Version-Release number of selected component (if applicable):
candlepin-0.9.54.26-1.el7.noarch


How reproducible:
???


Steps to Reproduce:
1. ??? (no idea how to trigger this) get to the state when candlepin thinks it lost connection to hornetQ, logging:

2018-04-04 13:33:38,528 [thread=Thread-5137 (HornetQ-client-global-threads-246930626)] [=, org=] WARN  org.hornetq.core.client - HQ212037: Connection failure has been detected: HQ119015: The connection was disconnected because of server shutdown [code=DISCONNECTED]
2018-04-04 13:35:06,837 [thread=IoReceiver - bsul0081.fs01.vwf.vwfs-ad/10.43.225.233:5671] [=, org=] WARN  org.apache.qpid.transport.network.security.ssl.SSLUtil - Exception received while trying to verify hostname
2018-04-04 13:35:08,999 [thread=localhost-startStop-1] [=, org=] WARN  org.hibernate.id.UUIDHexGenerator - HHH000409: Using org.hibernate.id.UUIDHexGenerator which does not generate IETF RFC 4122 compliant UUID values; consider using org.hibernate.id.UUIDGenerator instead
2018-04-04 13:36:14,106 [thread=hornetq-failure-check-thread] [=, org=] WARN  org.hornetq.core.client - HQ212037: Connection failure has been detected: HQ119014: Did not receive data from invm:0. It is likely the client has exited or crashed without closing its connection, or the network between the server and client has failed. You also might have configured connection-ttl and client-failure-check-period incorrectly. Please check user manual for more information. The connection will now be closed. [code=CONNECTION_TIMEDOUT]

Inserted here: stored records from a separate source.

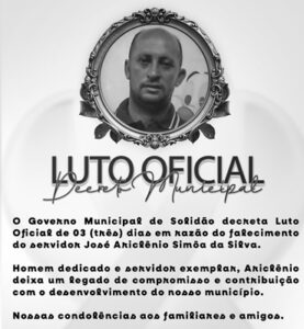 O Governo Municipal de Solidão, por meio do Decreto nº 029/2025, decretou Luto Oficial de três (03) dias em virtude do falecimento do servidor José Ariclênio Simão da Silva, ocorrido no dia 07 de outubro de 2025.
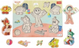 Drvena slagalica s motivom BOBASKI I MIŚ osmišljena je za najmlađu djecu. Čvrsti dijelovi s velikim drvenim gumbima lako se drže i u malim ručicama. Podloga s urezanim oblicima i istovjetnom crno-bijelom grafikom ispod dijelova djetetu olakšava pravilno uparivanje oblika i potiče njegovu samostalnost u igri.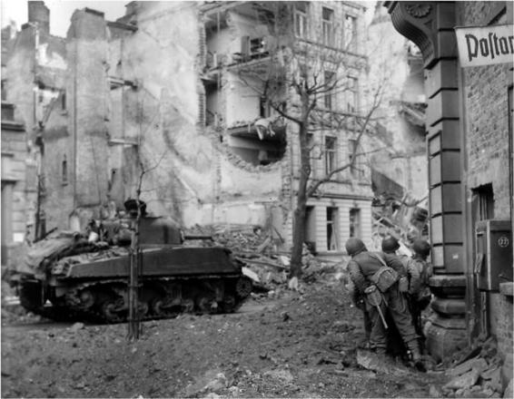 A 750th Tank Battalion Sherman works with 415th Infantry Regiment doughs in Cologne on 6 March 1945. Tankers and GIs time and again disproved early-war doctrine that tanks should not fight in cities. SIGNAL CORPS PHOTO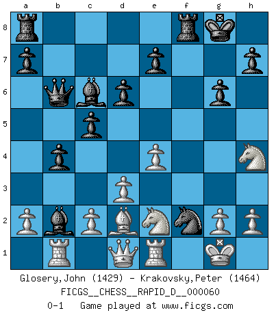 Last move : 0-1 2011 August 15 16:36:31 [Event "FICGS__CHESS__RAPID_D__000060"] [Site "FICGS"] [Date "2011.07.08"] [Round "1"] [White "Glosery,John"] [Black "Krakovsky,Peter"] [Result "0-1"] [WhiteElo "1429"] [BlackElo "1464"] 1.e4 c5 2.Nc3 d6 3.f4 Nc6 4.Bb5 Bd7 5.Nf3 g6 6.O-O Bg7 7.Re1 Nf6 8.d3 O-O 9.Bxc6 Bxc6 10.Nh4 b5 11.f5 b4 12.Ne2 Qb6 13.fxg6 fxg6 14.Be3 Ng4 15.Bd2 Bxb2 16.Rb1 Nf2 0-1 Sicilian : Closed Kingside Castling by player White (move 6) Kingside Castling by player Black (move 8) Player Black won this chess game. Follow this game move after move (download)We like to think. (Gary Kasparov) Schach ist das schnellste Spiel der Welt, weil man in jeder Sekunde Tausende von Gedanken ordnen muß. (Albert Einstein) Un jugador que trata de regresar una movida en el Ajedrez es un futuro carterista. (Richard Fenton) C'est une question de caractère, Beaucoup de gens perdent leur motivation très vite. D'autres, ils sont rares, peuvent la conserver très longtemps. J'aime les échecs, encore aujourd'hui je suis heureux d'analyser des parties. J'aime toujours gagner, je déteste encore perdre. Bien jouer est important pour mon intégrité intellectuelle et morale. Et puis les échecs vivent en ce moment une période historique grâce à Internet. Ils se développent dans les systèmes éducatifs à travers le monde. Ils sortent de leur ghetto, et c'est mon rôle de mener à bien cette révolution. (Gary Kasparov) Lamb in skin of tiger, still fears the wolf. (Chinese proverb)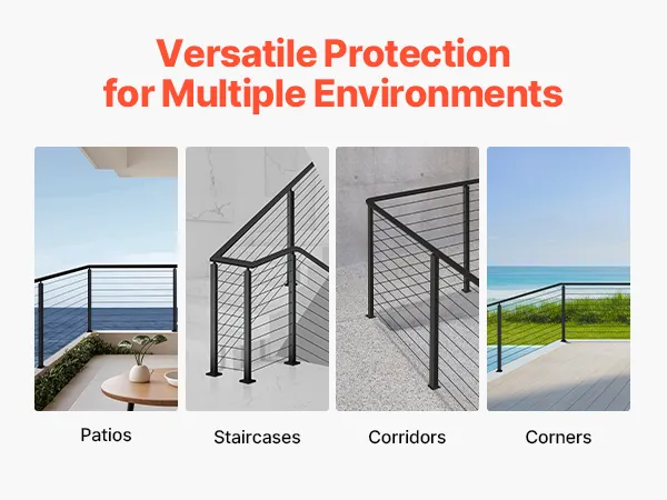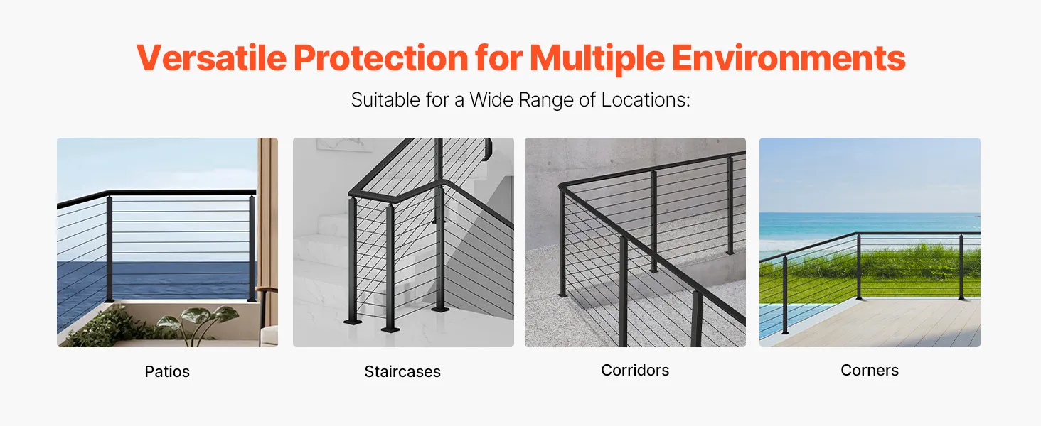 Protección para múltiples escenas: Nuestro poste de riel de cable es adecuado para protección tanto en interiores como en exteriores, incluidas terrazas, escaleras, porches, cercas, patios, balcones, jardines, edificios residenciales, oficinas comerciales, hoteles, garajes y más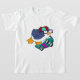 The t-shirt feels and looks great quality, a good thick cotton. It will be a little big for my son, but that means he will be able to wear it and not out grow it too soon. The print was as described on the order when personalised. True size, shape and colour T-shirt- thanks.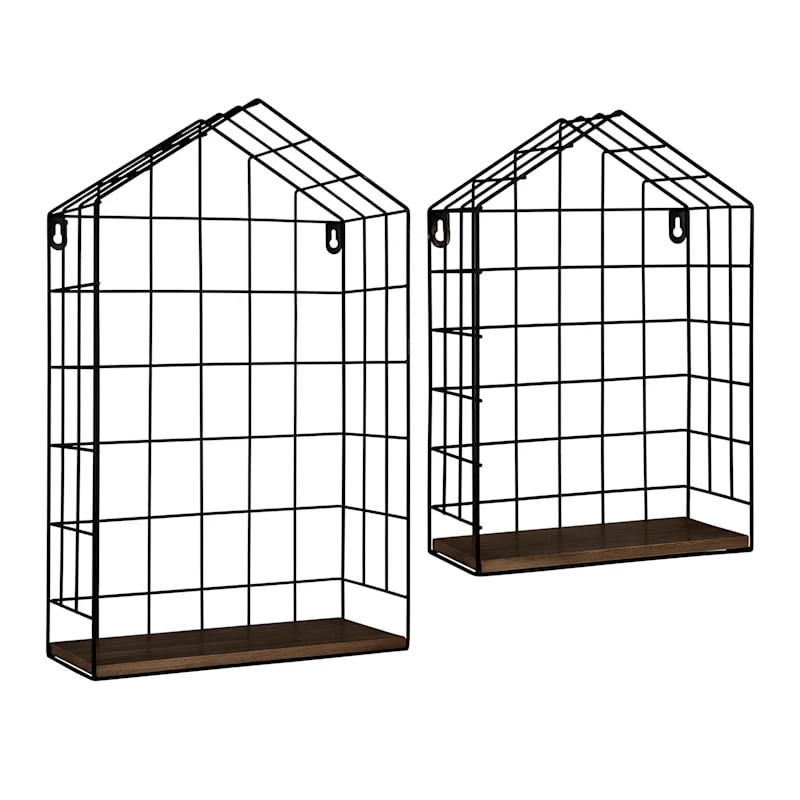 A jack of all trades, including graphic designer, carpenter, contractor, author and beloved reality TV host, Ty Pennington has curated a new and exclusive collection for At Home. Round out your decor’s visual appeal with this charming 2-piece 12x20in. wood and metal house wall shelf set. This wall art’s architectural details add a pop of pattern to your look, while the black caged metal and dark wood finish blends effortlessly into any color palette. Hang these unique shelves and it’ll finish out your space with wonderful coordinating decor.
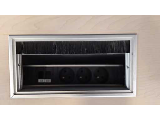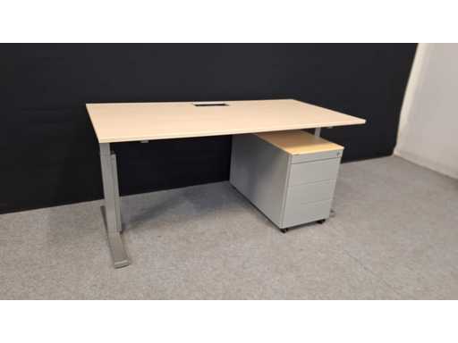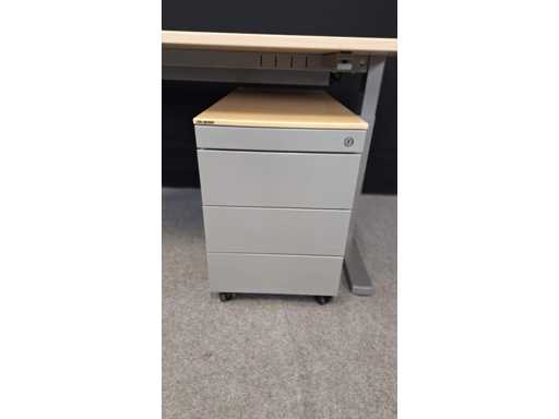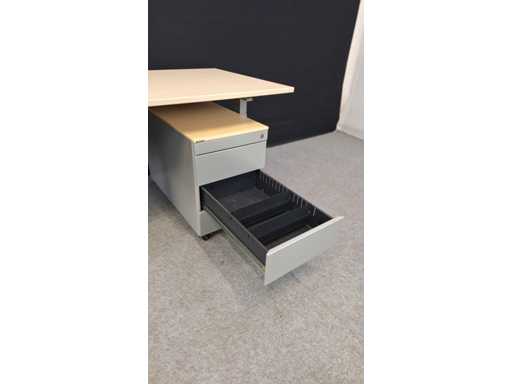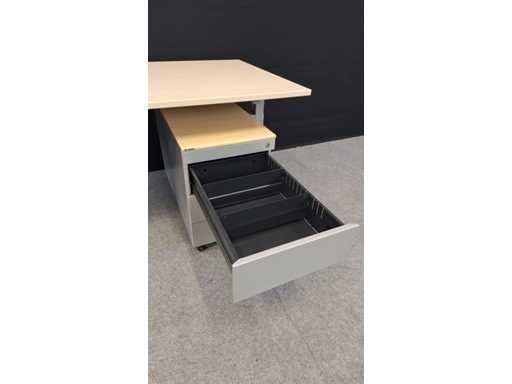 Onderstel in metaal kleur Aluminium, blad in melamine kleur Ahorn voorzien van elektrificatie, goede staat, inclusief mobiel ladenblok TDS in metaal kleur alu, uitgerust met 3 lades + pennenlade en top in melamine, lichte gebruikssporen mogelijk, sleutel ontbreekt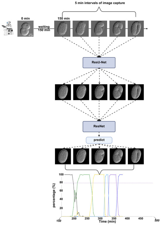 Key temporal analysis experimental workflow. The time-lapse image dataset is first processed by ResU-Net, followed by input into ResNet for embryonic stage prediction. Finally, the predicted timeline results are visualized. Scale bar: 10 μm.
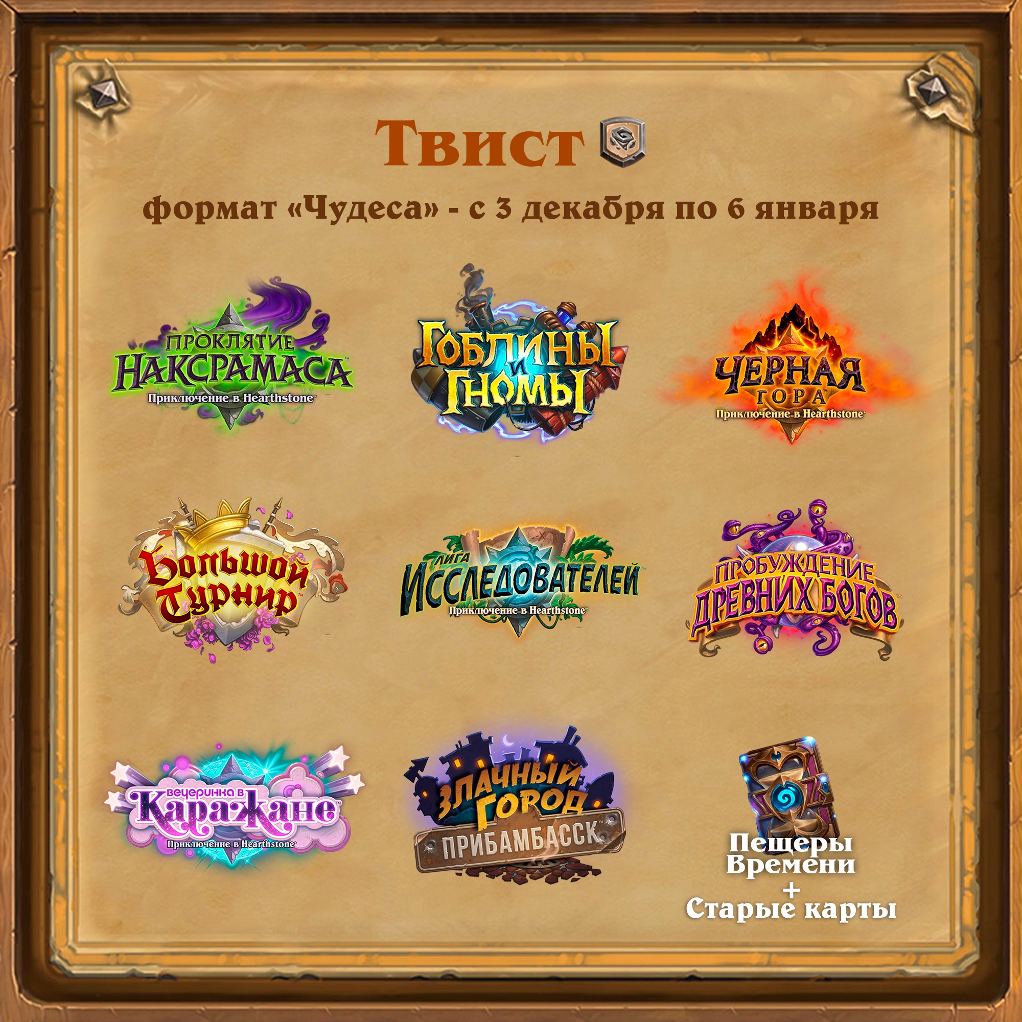 Твист вернулся в игру после долгого перерыва, и декабрьский сезон начинается с уже знакомого формата «Чудеса». Этот формат представляет из себя классический Hearthstone с ограниченным набором дополнений:

2. have an unentitled system you attach subscriptions
3. check WebUI / hammer for the status of the system
4. check /var/log/candlepin/error.log

Actual results:
3. shows unentitled
4. error.log have logs:
2018-04-01 03:06:03,681 [thread=http-bio-8443-exec-10] [req=14931ec4-de5e-438f-abb3-6b39193a87b5, org=Default_Organization] ERROR org.candlepin.audit.HornetqEventDispatcher - Error while trying to send event: Event [id=null, target=COMPLIANCE, type=CREATED, time=Sun Apr 01 03:06:03 CEST 2018, entity=8aa538916211fe4001621ab99e1201d9]
java.lang.NullPointerException: null
        at org.hornetq.core.client.impl.ClientSessionFactoryImpl.createSessionInternal(ClientSessionFactoryImpl.java:940) ~[hornetq-core-client-2.3.5.Final.jar:na]
        at org.hornetq.core.client.impl.ClientSessionFactoryImpl.createSession(ClientSessionFactoryImpl.java:363) ~[hornetq-core-client-2.3.5.Final.jar:na]
        at org.candlepin.audit.HornetqEventDispatcher.getClientSession(HornetqEventDispatcher.java:82) ~[HornetqEventDispatcher.class:na]
        at org.candlepin.audit.HornetqEventDispatcher.sendEvent(HornetqEventDispatcher.java:111) ~[HornetqEventDispatcher.class:na]
        at org.candlepin.audit.EventSinkImpl.sendEvents(EventSinkImpl.java:79) [EventSinkImpl.class:na]
..


Expected results:
3. should show entitled (assuming proper/sufficient subscriptions were provided)
4. no such error logs


Additional info:
(it is worth trying to understand why the connection fails..)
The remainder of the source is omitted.